Implementation for CombineFileInputFormat Hadoop 0.20.205

5.2k views Asked by At

Can someone please point out where I could find an implementation for CombineFileInputFormat (org. using Hadoop 0.20.205? this is to create large splits from very small log files (text in lines) using EMR.

It is surprising that Hadoop does not have a default implementation for this class made specifically for this purpose and googling it looks like I'm not the only one confused by this.

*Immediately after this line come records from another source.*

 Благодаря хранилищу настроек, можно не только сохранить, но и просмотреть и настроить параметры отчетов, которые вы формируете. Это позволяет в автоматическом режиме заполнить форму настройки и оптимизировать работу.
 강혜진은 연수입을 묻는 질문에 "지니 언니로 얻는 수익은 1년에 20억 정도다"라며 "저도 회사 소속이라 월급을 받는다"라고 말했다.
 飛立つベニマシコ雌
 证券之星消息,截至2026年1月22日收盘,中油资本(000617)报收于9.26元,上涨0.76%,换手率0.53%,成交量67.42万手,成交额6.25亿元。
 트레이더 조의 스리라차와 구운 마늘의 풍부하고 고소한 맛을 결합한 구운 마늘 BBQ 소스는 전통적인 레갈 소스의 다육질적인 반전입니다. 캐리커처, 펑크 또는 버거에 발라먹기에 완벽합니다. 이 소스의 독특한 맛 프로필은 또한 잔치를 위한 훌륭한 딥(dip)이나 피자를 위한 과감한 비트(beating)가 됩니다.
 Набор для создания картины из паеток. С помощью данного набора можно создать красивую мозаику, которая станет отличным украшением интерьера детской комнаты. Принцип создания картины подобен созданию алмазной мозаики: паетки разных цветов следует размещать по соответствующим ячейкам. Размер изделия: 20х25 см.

I need to compile the class and bundle it in a jar for hadoop-streaming, with a limited knowledge of Java this is some challenge.

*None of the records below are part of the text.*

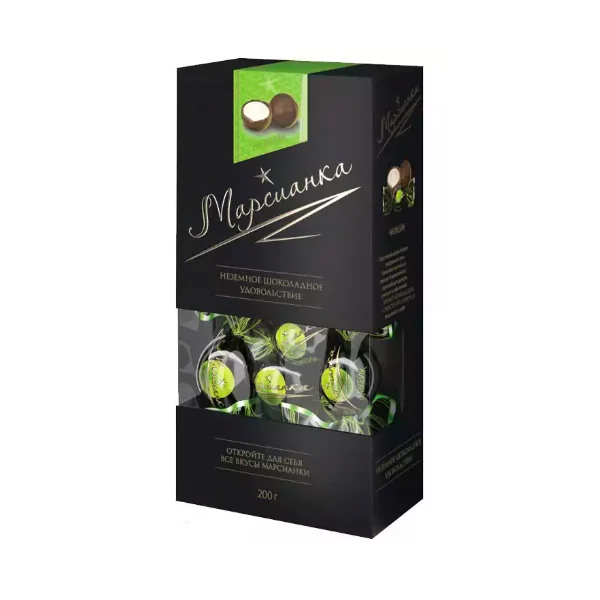 Конфеты Марсианка 'Чизкейк' - многослойное сочетание модных вкусов. Шоколадная глазурь, сладкая корочка, нежная начинка со вкусом чизкейка и хрустящее ядро. Вес - 200 г. Состав: сахар, жиры растительные, сыворотка молочная сухая деминерализованная, какао-порошок, рис воздушный с какао (крупа рисовая, сахар, мука пшеничная, какао-порошок, соль), патока, эмульгаторы: лецитин соевый, Е492; стабилизатор гуммиарабик, ароматизаторы. Пищевая ценность 100 г продукта (среднее значение): белки - 2,5 г, жиры - 38 г, углеводы - 55 г. Энергетическая ценность 100 г продукта (среднее значение): 2390 кДж / 570 ккал. Срок годности: 9 месяцев. Условия хранения: хранить при температуре 18(+3)C и относительной влажности воздуха не более 75%. Производитель: ООО 'Сладкий Орешек'. Страна производства: Россия.
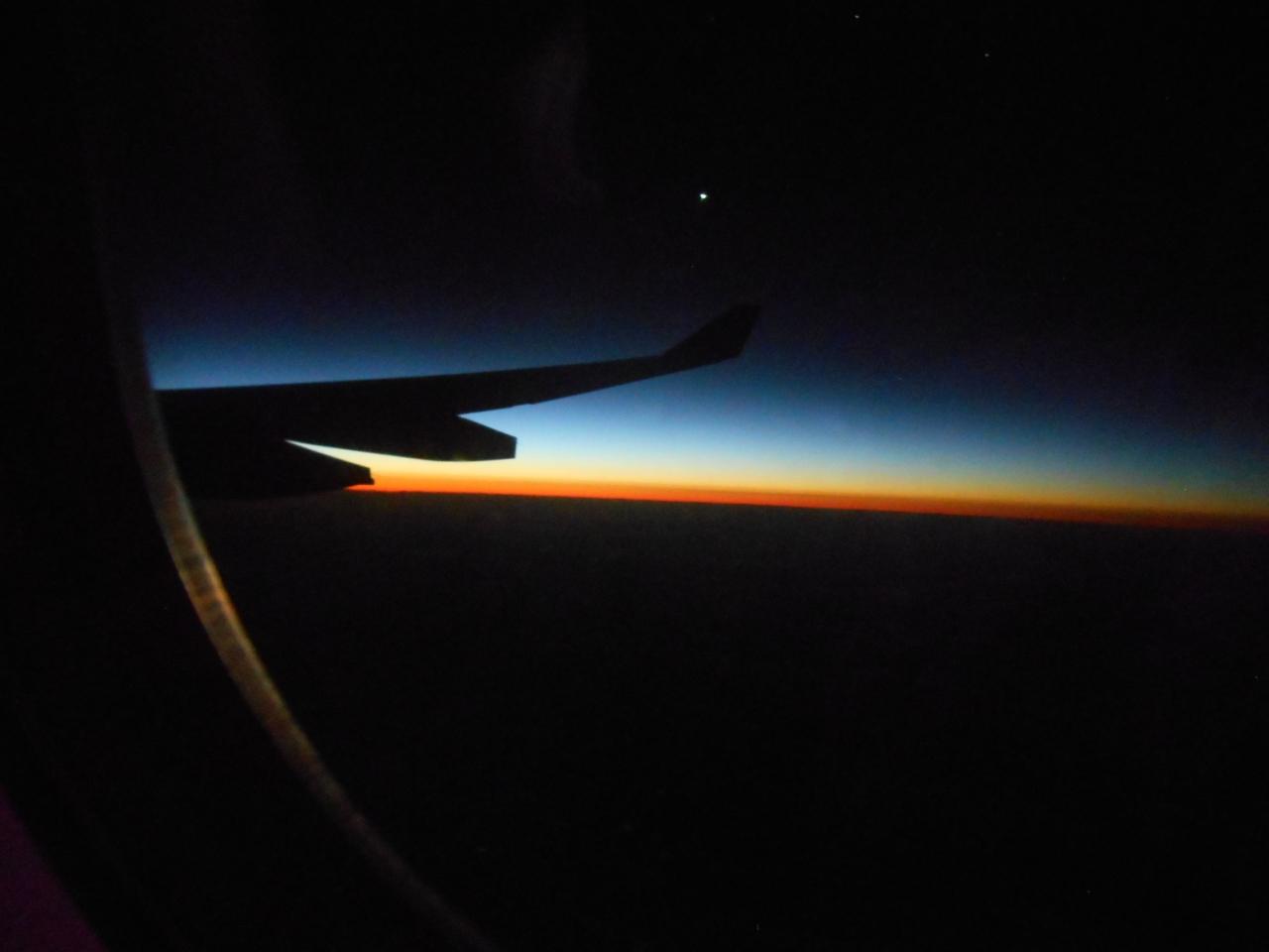 私は飛行機の中で見る朝日・朝やけが一番好きです。
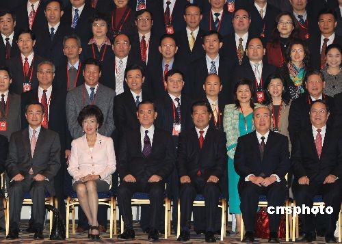 12月20日,中共中央政治局常委、全國政協主席賈慶林在上海,與出席第四屆兩岸經貿文化論壇的嘉賓們合影。中新社發 潘索菲 攝
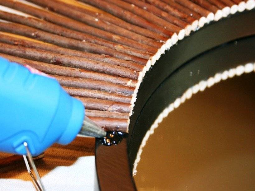 2. Зеркало с лицевой стороны закрыть бумагой и малярным скотчем. На раму с изнанки нанести диагональную «разметку» для будущих лучей. К ней прикрепить при помощи клеевого пистолета длинные и толстые ветви, удерживая каждую по 10-20 секунд, пока клей схватится.

Edit: I already tried the yetitrails example, with the necessary imports but I get a compiler error for the next method.

1

There are 1 answers

8
Amar On BEST ANSWER

Here is an implementation I have for you:

import java.io.IOException;

import org.apache.hadoop.conf.Configuration;
import org.apache.hadoop.io.LongWritable;
import org.apache.hadoop.io.Text;
import org.apache.hadoop.mapred.FileSplit;
import org.apache.hadoop.mapred.InputSplit;
import org.apache.hadoop.mapred.JobConf;
import org.apache.hadoop.mapred.LineRecordReader;
import org.apache.hadoop.mapred.RecordReader;
import org.apache.hadoop.mapred.Reporter;
import org.apache.hadoop.mapred.lib.CombineFileInputFormat;
import org.apache.hadoop.mapred.lib.CombineFileRecordReader;
import org.apache.hadoop.mapred.lib.CombineFileSplit;

@SuppressWarnings("deprecation")
public class CombinedInputFormat extends CombineFileInputFormat<LongWritable, Text> {

    @SuppressWarnings({ "unchecked", "rawtypes" })
    @Override
    public RecordReader<LongWritable, Text> getRecordReader(InputSplit split, JobConf conf, Reporter reporter) throws IOException {

        return new CombineFileRecordReader(conf, (CombineFileSplit) split, reporter, (Class) myCombineFileRecordReader.class);
    }

    public static class myCombineFileRecordReader implements RecordReader<LongWritable, Text> {
        private final LineRecordReader linerecord;

        public myCombineFileRecordReader(CombineFileSplit split, Configuration conf, Reporter reporter, Integer index) throws IOException {
            FileSplit filesplit = new FileSplit(split.getPath(index), split.getOffset(index), split.getLength(index), split.getLocations());
            linerecord = new LineRecordReader(conf, filesplit);
        }

        @Override
        public void close() throws IOException {
            linerecord.close();

        }

        @Override
        public LongWritable createKey() {
            // TODO Auto-generated method stub
            return linerecord.createKey();
        }

        @Override
        public Text createValue() {
            // TODO Auto-generated method stub
            return linerecord.createValue();
        }

        @Override
        public long getPos() throws IOException {
            // TODO Auto-generated method stub
            return linerecord.getPos();
        }

        @Override
        public float getProgress() throws IOException {
            // TODO Auto-generated method stub
            return linerecord.getProgress();
        }

        @Override
        public boolean next(LongWritable key, Text value) throws IOException {

            // TODO Auto-generated method stub
            return linerecord.next(key, value);
        }

    }
}

In your job first set the parameter mapred.max.split.size according to the size you would like the input files to be combined into. Do something like follows in your run():

...
            if (argument != null) {
                conf.set("mapred.max.split.size", argument);
            } else {
                conf.set("mapred.max.split.size", "134217728"); // 128 MB
            }
...

            conf.setInputFormat(CombinedInputFormat.class);
...